For the restoration, the 16mm camera negative was scanned in 4K using the wet gate method, then retouched and color corrected in a 2K resolution.

In 1982, the mix was recorded analog on 17.5mm magnetic track. The audio was digitized and carefully cleaned up from noise and static clicks, while leaving the originally intended cinematic sound composition untouched.

All work was carried out at L'Immagine Ritrovata, Bolgona, Basis Berlin Postrpdocuktion and Eurotape, Berlin.
This is an appealing looking transfer, and for those who worry about color timing when they see L'Immagine Ritrovata, to my eyes the palette looks natural and well suffused, albeit within the confines of a rather short documentary set entirely in a pretty bland, generic looking hotel room. There's not a wealth of opportunity for dazzling fine detail levels, since everything is more or less a midrange framing, except for those iconoclasts who get up and walk around the room, occasionally rather close to the camera. Grain resolves without any issues.

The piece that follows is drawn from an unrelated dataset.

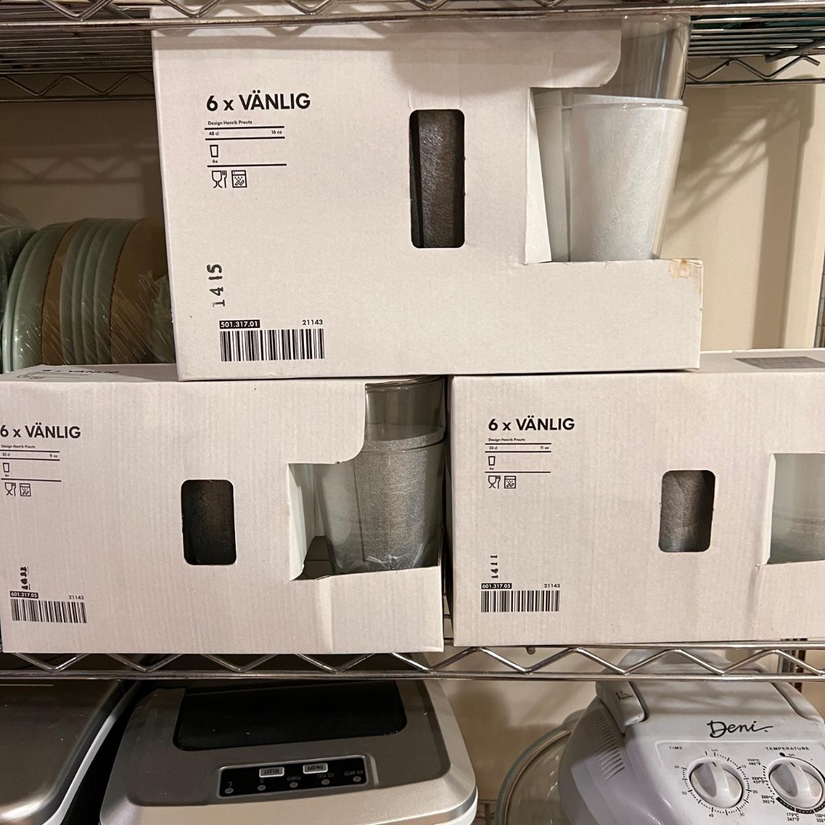 3 new boxes of ikea glasses - 2 boxes of 6 glasses 11oz, 1 box of 6 glasses 16oz.
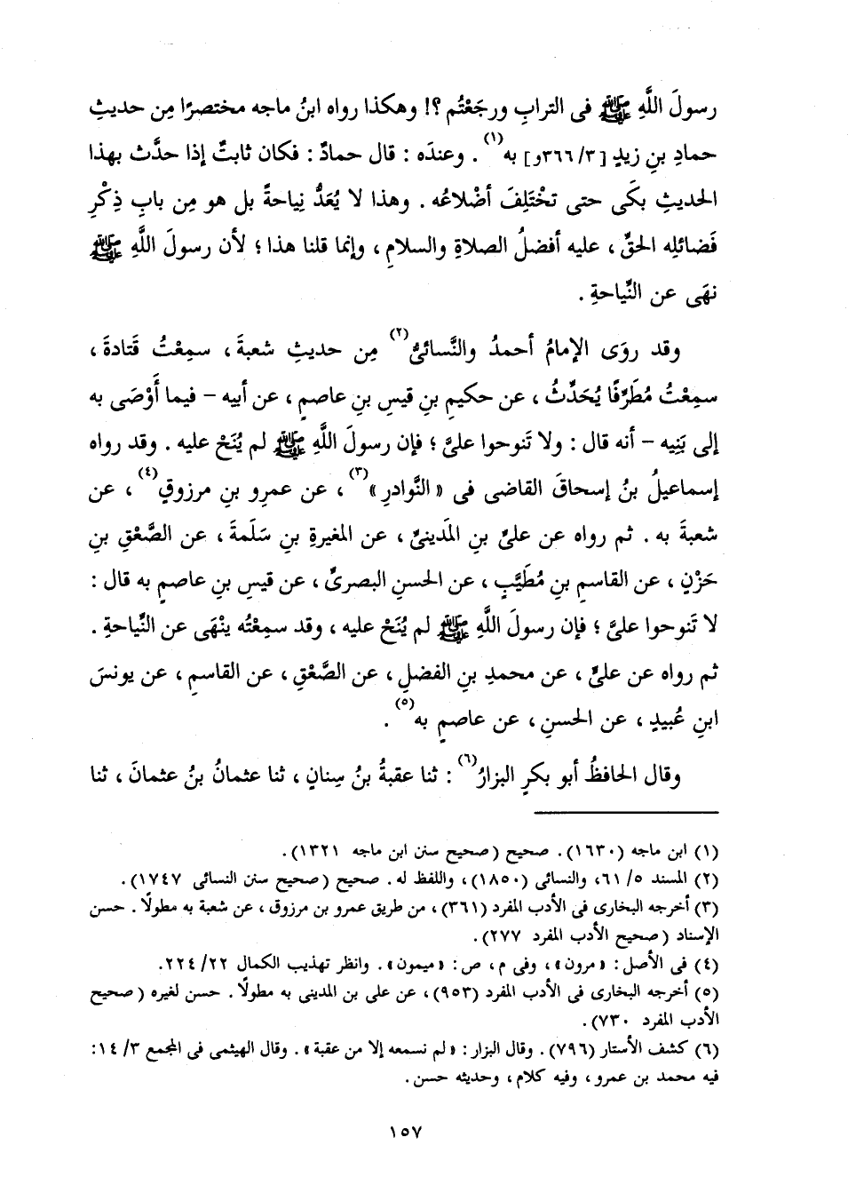 وَقَدْ رَوَى الْإِمَامُ أَحْمَدُ وَالنَّسَائِيُّ مِنْ حَدِيثِ شُعْبَةَ، سَمِعْتُ قَتَادَةَ، سَمِعْتُ مُطَرِّفًا يُحَدِّثُ، عَنْ حَكِيمِ بْنِ قَيْسِ بْنِ عَاصِمٍ، عَنْ أَبِيهِ - فِيمَا أَوْصَى بِهِ إِلَى بَنِيهِ - أَنَّهُ قَالَ: وَلَا تَنُوحُوا عَلَيَّ ; فَإِنَّ رَسُولَ اللَّهِ صَلَّى اللَّهُ عَلَيْهِ وَسَلَّمَ لَمْ يُنَحْ عَلَيْهِ. وَقَدْ رَوَاهُ إِسْمَاعِيلُ بْنُ إِسْحَاقَ الْقَاضِي فِي " النَّوَادِرِ "، عَنْ عَمْرِو بْنِ مَرْزُوقٍ، عَنْ شُعْبَةَ بِهِ. ثُمَّ رَوَاهُ عَنْ عَلِيِّ بْنِ الْمَدِينِيِّ، عَنِ الْمُغِيرَةِ بْنِ سَلَمَةَ، عَنِ الصَّعْقِ بْنِ حَزْنٍ، عَنِ الْقَاسِمِ بْنِ مُطَيَّبٍ، عَنِ الْحَسَنِ الْبَصْرِيِّ، عَنْ قَيْسِ بْنِ عَاصِمٍ بِهِ قَالَ: لَا تَنُوحُوا عَلَيَّ فَإِنَّ رَسُولَ اللَّهِ صَلَّى اللَّهُ عَلَيْهِ وَسَلَّمَ لَمْ يُنَحْ عَلَيْهِ، وَقَدْ سَمِعْتُهُ يَنْهَى عَنِ النِّيَاحَةِ. ثُمَّ رَوَاهُ عَنْ عَلِيٍّ، عَنْ مُحَمَّدِ بْنِ الْفَضْلِ، عَنِ الصَّعْقِ، عَنِ الْقَاسِمِ، عَنْ يُونُسَ بْنِ عُبَيْدٍ، عَنِ الْحَسَنِ، عَنْ عَاصِمٍ بِهِ.

Room 666 Blu-ray Movie, Audio Quality  3.0 of 5

Kind of interestingly, Room 666 features Dolby Digital 2.0 Mono mix, though admittedly a lossless codec probably wouldn't have added that much to the proceedings. This is simply a procession of people speaking, and as such the Dolby Digital track suffices perfectly well. There's some patently odd music utilized, which may creep right up to the edge of distortion a couple of times. Our language specs only allow for one principal language, but this is a multilingual affair, with optional English subtitles.


Room 666 Blu-ray Movie, Special Features and Extras  1.0 of 5

This is obviously a double feature of sorts, with the disc offering the following supplements:

  • Meet the Filmmakers (HD; 14:35) is an appealing interview with Lubna Playoust and offers a bit more context on her effort.

  • Trailer (HD; 00:43) is for Room 999.
The insert leaflet contains an essay by Michael Joshua Rowin.


Room 666 Blu-ray Movie, Overall Score and Recommendation  5.0 of 5

Room 666 is a fascinating curio on a number of levels, and it will be a treasure trove for those wanting some at times rather piquant responses from some of that era's star filmmakers to Wenders' predictions of calamity. Technical merits are great (video) to passable (lossy audio). Even with Dolby Digital audio and no real supplements tied to this film, Highly recommended.